Saas Talent

Site Reliability Engineer II

Job Description

Are you ready to make your mark with a true industry disruptor? ZineOne, a subsidiary of Session AI, the pioneer of in-session marketing, is looking to add talented team members to help us grow into the premier revenue tool for e-commerce. We work with some of the leading brands nationwide and we innovate how brands connect with and convert customers.

Job Description

This position offers a hands-on, technical opportunity as a vital member of the Site Reliability Engineering Group. Our SRE team is dedicated to ensuring that our Cloud platform operates seamlessly, efficiently, and reliably at scale. The ideal candidate will bring over five years of experience managing cloud-based Big Data solutions, with a strong commitment to resolving operational challenges through automation and sophisticated software tools.

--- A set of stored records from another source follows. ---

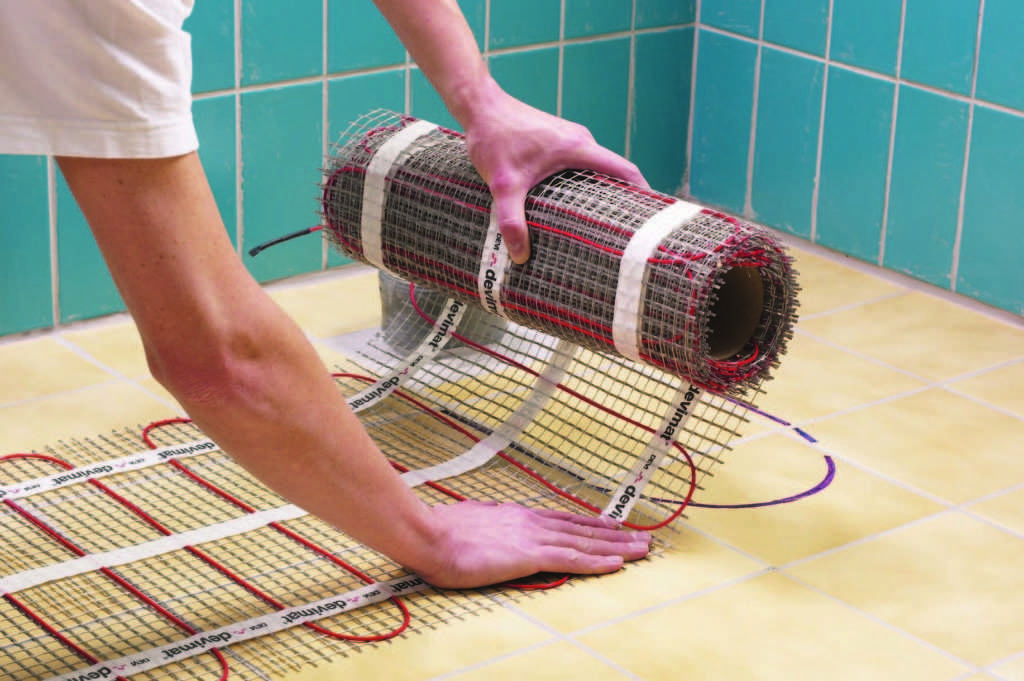 - тепловые маты – разновидность кабельной системы. Кабель закреплен на стекловолоконной сеточке, что облегчает процесс укладки. По поверхности просто раскатывается рулон, все заливается тонким слоем стяжки, устраивается покрытие. При необходимости во время монтажа сетку можно надрезать и развернуть в нужную сторону,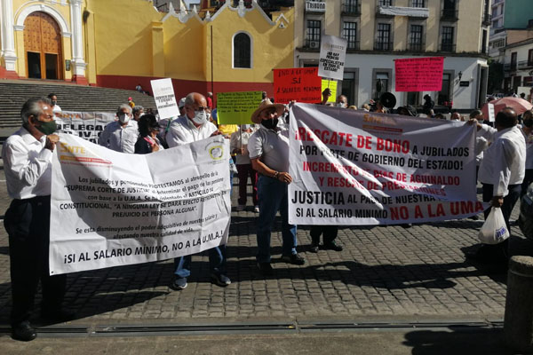 Xalapa, Ver. (Enrique Yasser Pompeyo).- Este miércoles jubilados y pensionados del SNTE, ISSSTE, asociaciones civiles y otras dependencias se manifestaron en Palacio de Gobierno para exigir el pago del bono a jubilados, incremento de días de aguinaldo, mejora en los servicios de seguridad social y pago de seguro a los familiares.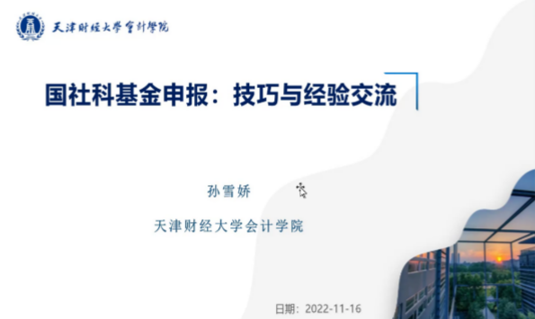 本网讯(会计学院 供稿)11月16日,会计学院邀请天津财经大学会计学院孙雪娇教授,为学院师生作“国社科基金申报:技巧与经验交流”的主题线上学术报告。报告会由学院会计系主任周园主持,会计学院教师、2021级、2022级全日制学术研究生参加了辅导会。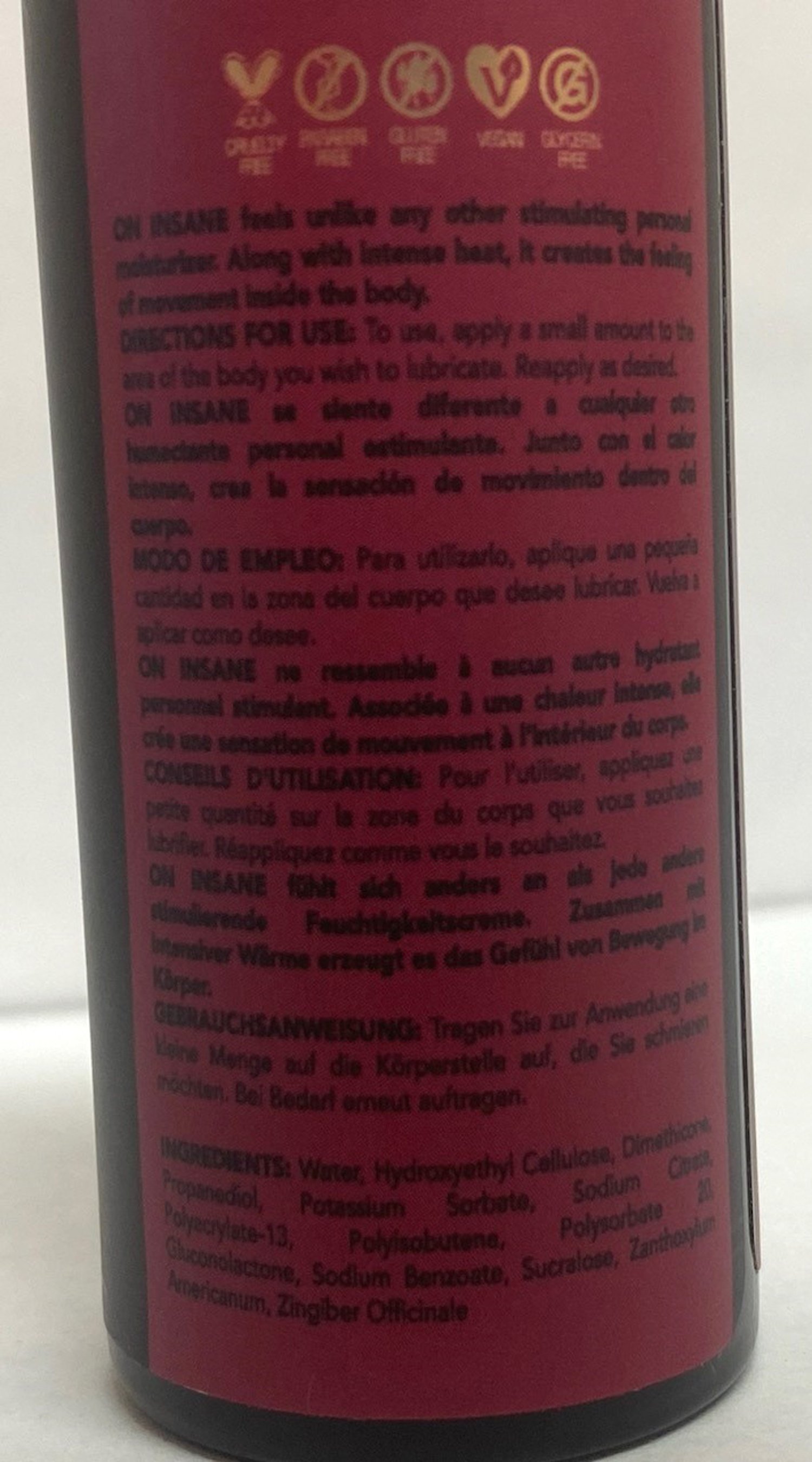 Colorless when applied. ON INSANE feels unlike any other stimulating personal moisturizer youve ever tried. Along with an intense warming feeling, it creates the feeling of movement inside the body. Women can feel an intense sensation using it externally as well. SHAKE WELL before use.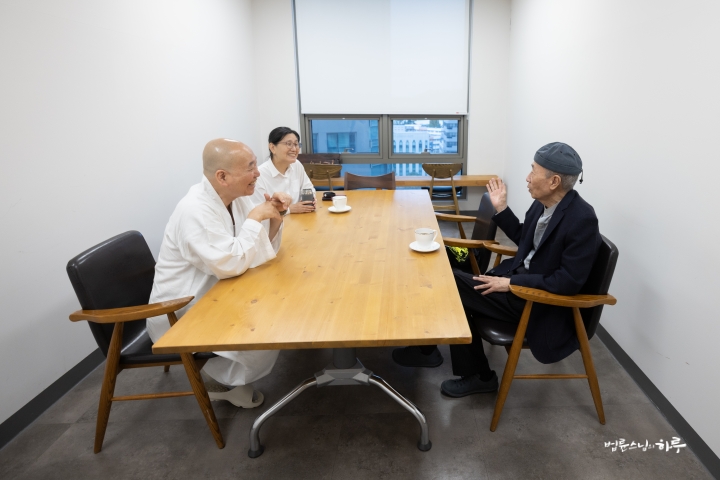 이어서 10시에는 대화문화아카데미 강대인 명예 원장님이 찾아와 접견실에서 미팅을 했습니다. 강대인 원장님은 대화문화아카데미 60주년 기념행사를 12월에 개최하는데 스님이 꼭 참석해 주었으면 좋겠다고 요청했습니다. 스님은 흔쾌히 참석하겠다고 대답한 후 최근 미국을 방문하고 온 결과를 공유하면서 한반도 평화를 위해 사회 원로들이 어떤 역할을 해나가면 좋을지 원장님과 많은 대화를 나누었습니다.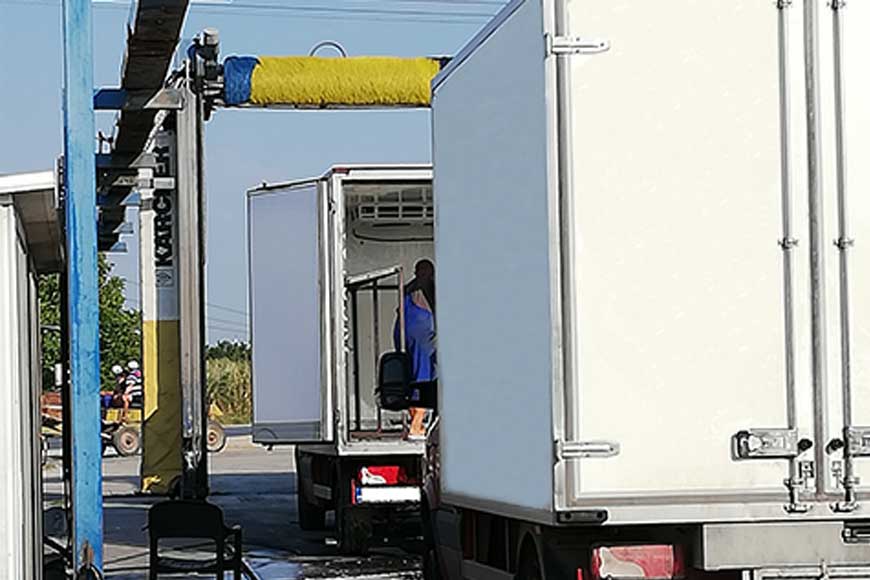 Автоцентърът разполага с портална автомивка за автоматично външно почистване на товарни превозни средства. В порталната автомивка могат да се измиват товарни превозни средства като камиони, камиони с ремаркета, седлови влекачи, автобуси или малки бусове в най-различни изпълнения, а за притежателите на леки автомобили предлагаме безконтактно външно почистване с висококачествени препарати !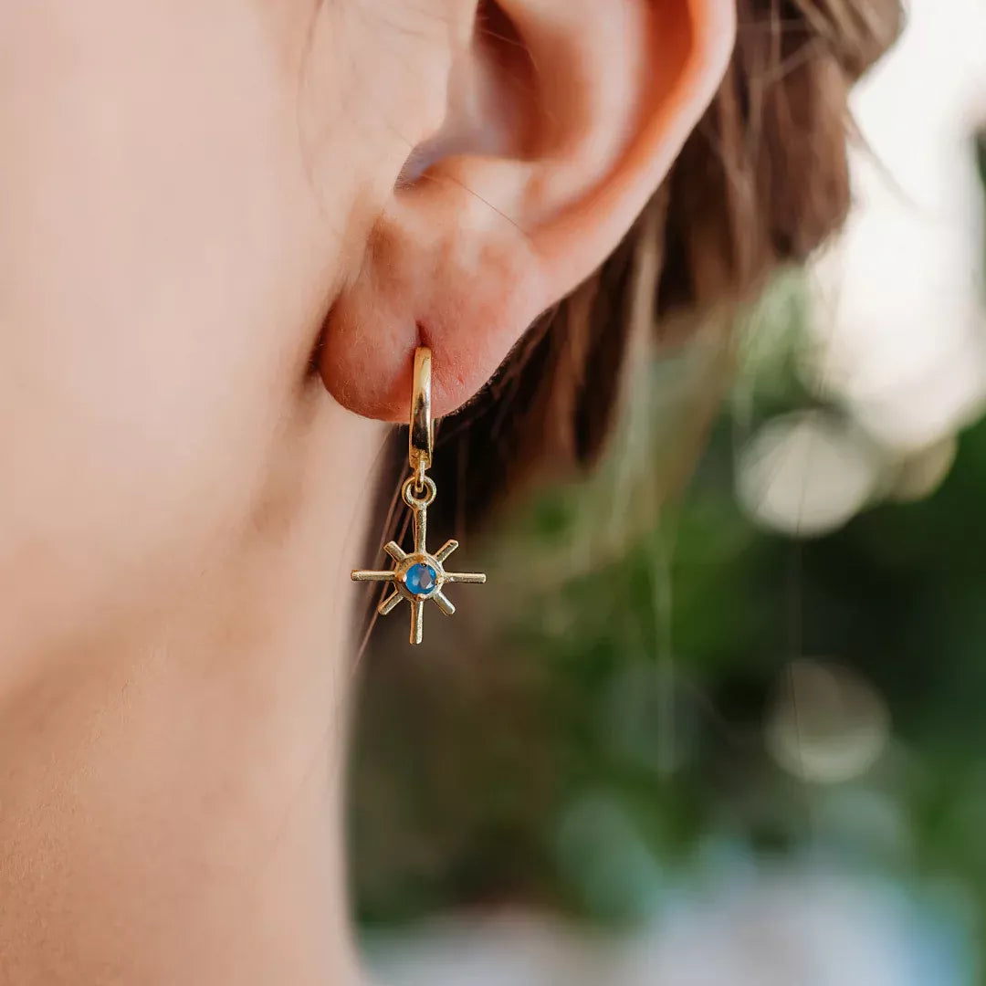 The Eclipse Huggies Blue Opal by Amorcito feature a celestial design with a beautiful pop of color. These earrings are made of high polish 18k gold plating and measure 13mm x 13mm dangling charm.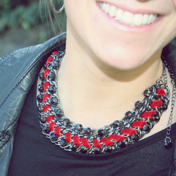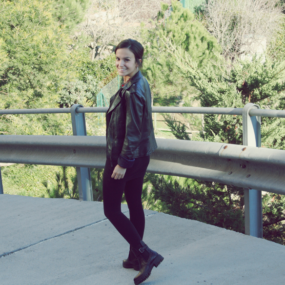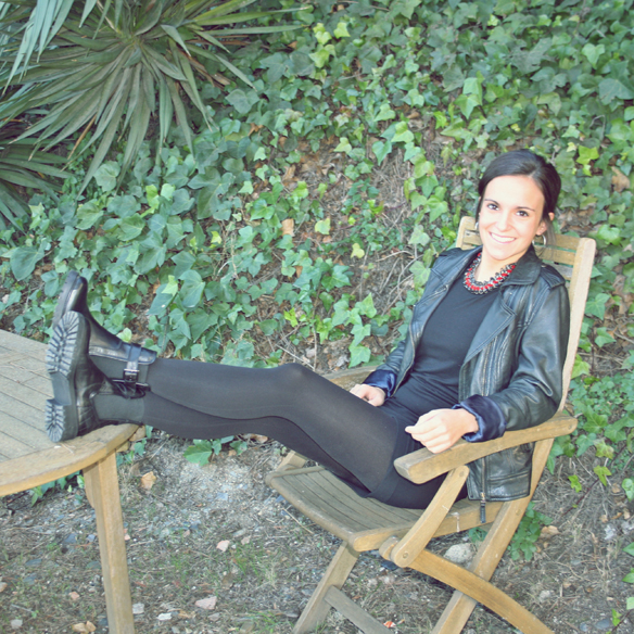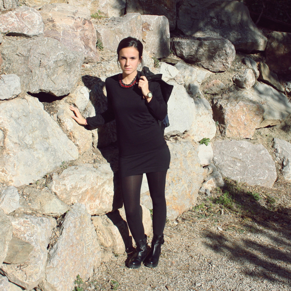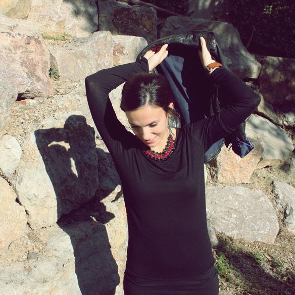 Cuanto menos, mejor. Y sí, el negro es siempre la opción segura. Me gusta el negro. Me parece elegante. Por eso, en Navidad he escogido un vestido ceñido negro (LBD), con unos botines negros de piel que dan un toque de rock y una cazadora de piel. Me parece que es una buena forma de ir elegante, juvenil y cómoda. No soy muy partidaria de los zapatos de tacón; sólo para días muy especiales, pero en Navidad me gusta ir cómoda para poder disfrutar del día. Además, me he decidido por este collar que le da un toque de color al outfit.
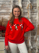Bring on the festive cheer 🎄✨ This cozy red sweater features playful sequin candy cane detailing across the front for the perfect touch of holiday sparkle. Designed with a classic crew neckline and a relaxed, easy fit, it’s soft, comfortable, and ideal for all-day wear. Style it with white denim for a crisp winter look or dress it down with your favorite jeans for casual holiday gatherings. Perfect for Christmas parties, family photos, or spreading cheer wherever you go.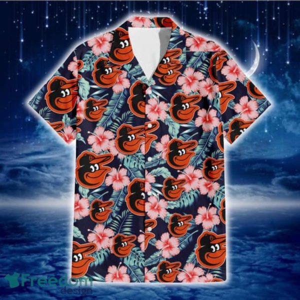 Baltimore Orioles Coral Hibiscus Green Banana Leaf Black Background 3D Hawaiian Shirt Gift For Fans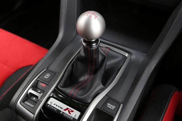 トランスミッションは6速マニュアルのみ。新型シビックタイプRには、自動ブリッピングすることでヒール&トゥと同様のスムーズなシフトダウンが可能となる「レブマッチシステム」が搭載されている。そのため、MT初心者でもサーキット走行などを楽しむことが可能だ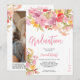 A modern boho graduation design featuring hand-painted pink and lavender florals paired with a clean, photo-forward layout. The soft watercolor blooms in blush, mauve, peach, and muted greenery frame the typography without overwhelming it, creating a balanced and refined look. The flowing blush script headline adds warmth, while the minimalist layout keeps everything polished and contemporary. The reverse side highlights a full portrait photo bordered with coordinating florals for a cohesive front-to-back presentation. Perfect for graduates who love soft, romantic aesthetics with a modern touch. Ideal for spring and early fall ceremonies, garden celebrations, or intimate open house gatherings.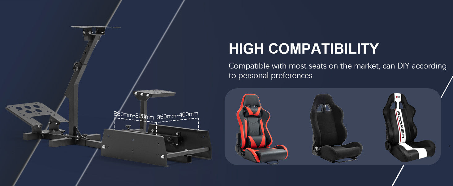 【Wide Compatibility】Compatible with clip-on or bolt‑mounted wheels, including Logitech G25‑G920 and Thrustmaster T300RS/T500RS. Supports drilling if holes do not match.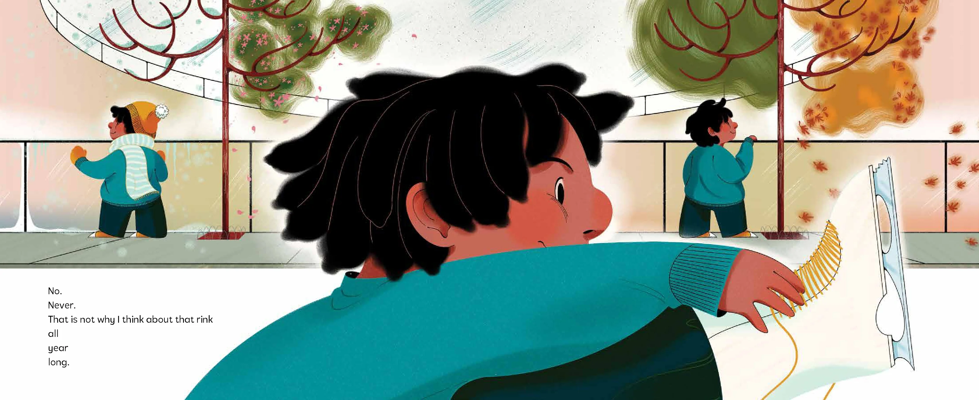 A young Black child passes an ice rink every day walking home with Momma. Last year, the rink was tricky. It looked clear and smooth, but felt rough and rude after a fall. Brrr! Ouch! Even so, the child hasn’t been able to stop thinking about that rink. The young skater is determined to do something for the first time: a spin on the ice. Because, as Momma says, nothing is impossible.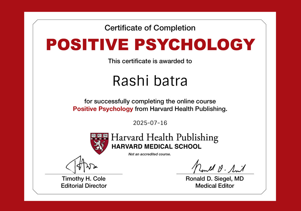A Certificate of Completion in Positive Psychology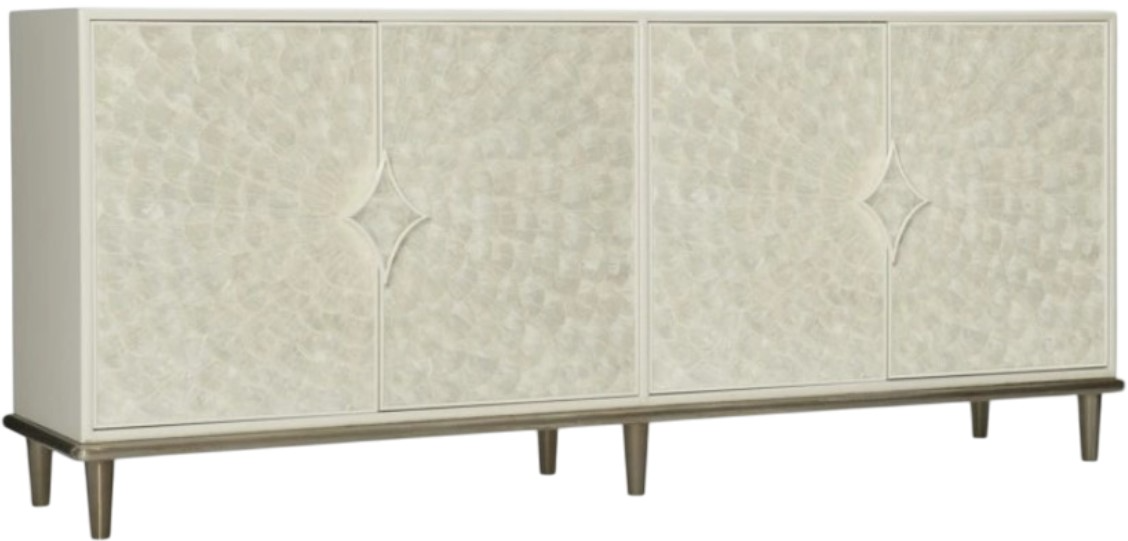 A creamy white finish with a subtle shimmer combines with Capiz shell inlay and a silver-colored metal base and feet for a stylish focal point designer piece that also accommodates up to a 75-inch TV. The four wood-framed doors with Capiz shell inlay have soft-close hinges and one drawer behind each door.Read More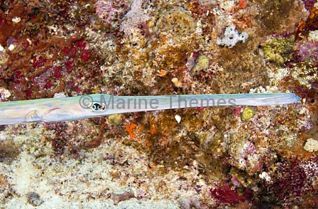 Smooth Flutemouth (Fistularia commersonii) over coral reef flat. Fistulariidae Syngnathiformes single one alone lonely isolated individual slim slender skinny thin narrow slight lean trim curious curiousity curios curiosity look looking inspect inspecting gaze gazing inquisitive inquiring enquiring interested questioning nosy prying strange unusual weird bizarre bizzare bizzarre ugly freak freaky tube tubemouth tube-mouth sad glum unhappy grim depress depressed depressing cry crying grumpy |Smooth Flutemouth (Fistularia commersonii)

Candidates must uphold a high standard of excellence and possess robust communication skills, both written and verbal. A strong customer focus and deep technical expertise in areas such as Linux, automation, application performance, databases, load balancers, networks, and storage systems are essential.

Key Responsibilities:

As a Session AI SRE, you will:

Design and implement solutions that enhance the availability, performance, and stability of our systems, services, and products
Develop, automate, and maintain infrastructure as code for provisioning environments in AWS, Azure, and GCP
Deploy modern automated solutions that enable automatic scaling of the core platform and features in the cloud
Apply cybersecurity best practices to safeguard our production infrastructure
Collaborate on DevOps automation, continuous integration, test automation, and continuous delivery for the Session AI platform and its new features
Manage data engineering tasks to ensure accurate and efficient data integration into our platform and outbound systems
Utilize expertise in DevOps best practices, shell scripting, Python, Java, and other programming languages, while continually exploring new technologies for automation solutions
Design and implement monitoring tools for service health, including fault detection, alerting, and recovery systems
Oversee business continuity and disaster recovery operations
Create and maintain operational documentation, focusing on reducing operational costs and enhancing procedures
Demonstrate a continuous learning attitude with a commitment to exploring emerging technologies

Preferred Skills:

Experience with cloud platforms like AWS, Azure, and GCP, including their management consoles and CLI
Proficiency in building and maintaining infrastructure on:
- AWS using services such as EC2, S3, ELB, VPC, CloudFront, Glue, Athena, etc
- Azure using services such as Azure VMs, Blob Storage, Azure Functions, Virtual Networks, Azure Active Directory, Azure SQL Database, etc
- GCP using services such as Compute Engine, Cloud Storage, Cloud Functions, VPC, Cloud IAM, BigQuery, etc
Expertise in Linux system administration and performance tuning
Strong programming skills in Python, Bash, and NodeJS
In-depth knowledge of container technologies like Docker and Kubernetes
Experience with real-time, big data platforms including architectures like HDFS/Hbase, Zookeeper, and Kafka
Familiarity with central logging systems such as ELK (Elasticsearch, LogStash, Kibana)
Competence in implementing monitoring solutions using tools like Grafana, Telegraf, and Influx

Skills

Cloud platform
NodeJs
Python
Database
SRE
Linux System Administration

Education

Master's Degree
Bachelor's Degree

Job Information

Job Posted Date

Aug 09, 2024

Experience

5-10 Years

Compensation (Annual in Lacs)

₹ Market Standard

Work Type

Permanent

Type Of Work

8 hour shift